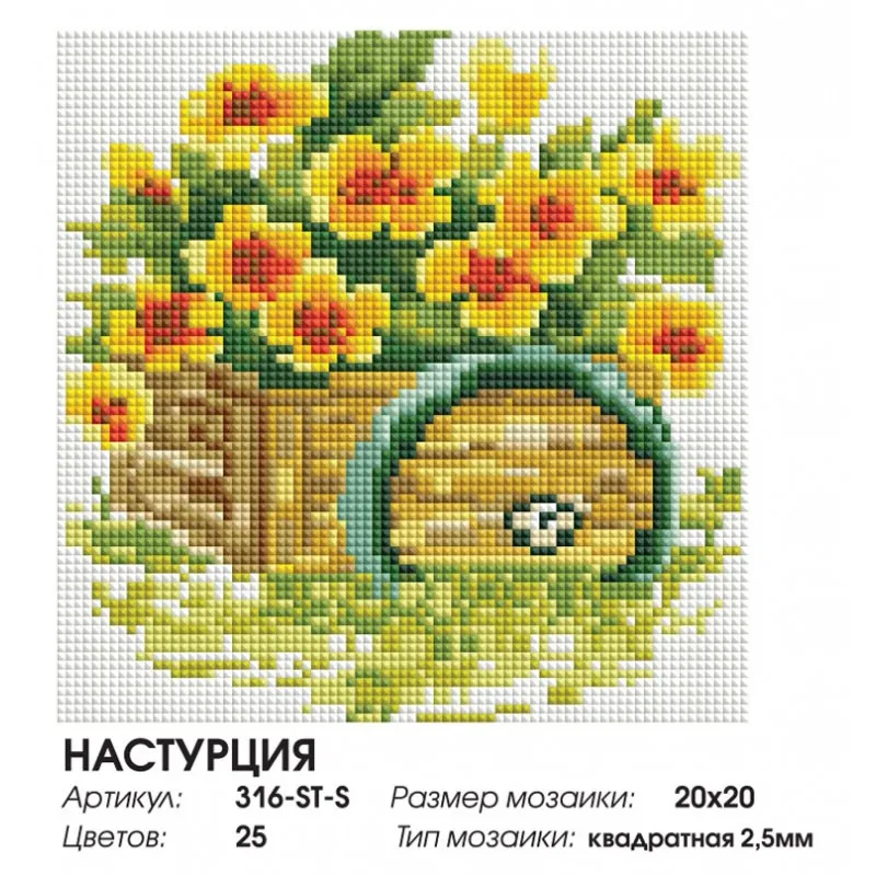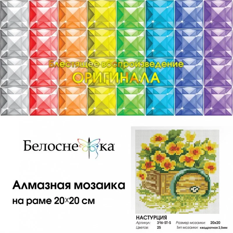 "Настурция" Алмазная мозаика на подрамнике 20х20 см. Белоснежка. 316-ST-S
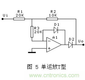 圖5 和 圖6 要求R1=2R2=2R3,增益為1/2,缺點是:當(dāng)輸入信號正半周時,輸出阻抗比較高,可以在輸出增加增益為2的同相放大器隔離.另外一個缺點是正半周和負(fù)半周的輸入阻抗不相等,要求輸入信號的內(nèi)阻忽略不計。
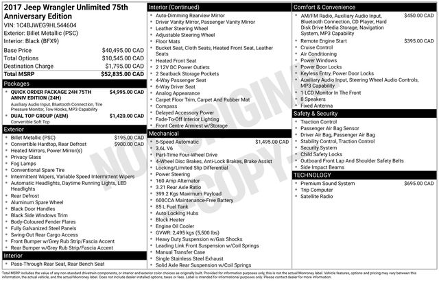Powered by a robust 3.6L V6 engine mated to a 5-speed automatic transmission, this Wrangler Unlimited Sahara delivers exceptional 4WD capability and an impressive 20 highway MPG. Elevate your off-road adventures with the Dual Top Group, which provides both a premium black soft top and a sleek black hard top for year-round versatility.

### WHAT TO DO
Each line above should be written out again exactly, and no picture should appear in the copy.

### ANSWER TO THE PROBLEM
 "Настурция" Алмазная мозаика на подрамнике 20х20 см. Белоснежка. 316-ST-S
 圖5 和 圖6 要求R1=2R2=2R3,增益為1/2,缺點是:當(dāng)輸入信號正半周時,輸出阻抗比較高,可以在輸出增加增益為2的同相放大器隔離.另外一個缺點是正半周和負(fù)半周的輸入阻抗不相等,要求輸入信號的內(nèi)阻忽略不計。
Powered by a robust 3.6L V6 engine mated to a 5-speed automatic transmission, this Wrangler Unlimited Sahara delivers exceptional 4WD capability and an impressive 20 highway MPG. Elevate your off-road adventures with the Dual Top Group, which provides both a premium black soft top and a sleek black hard top for year-round versatility.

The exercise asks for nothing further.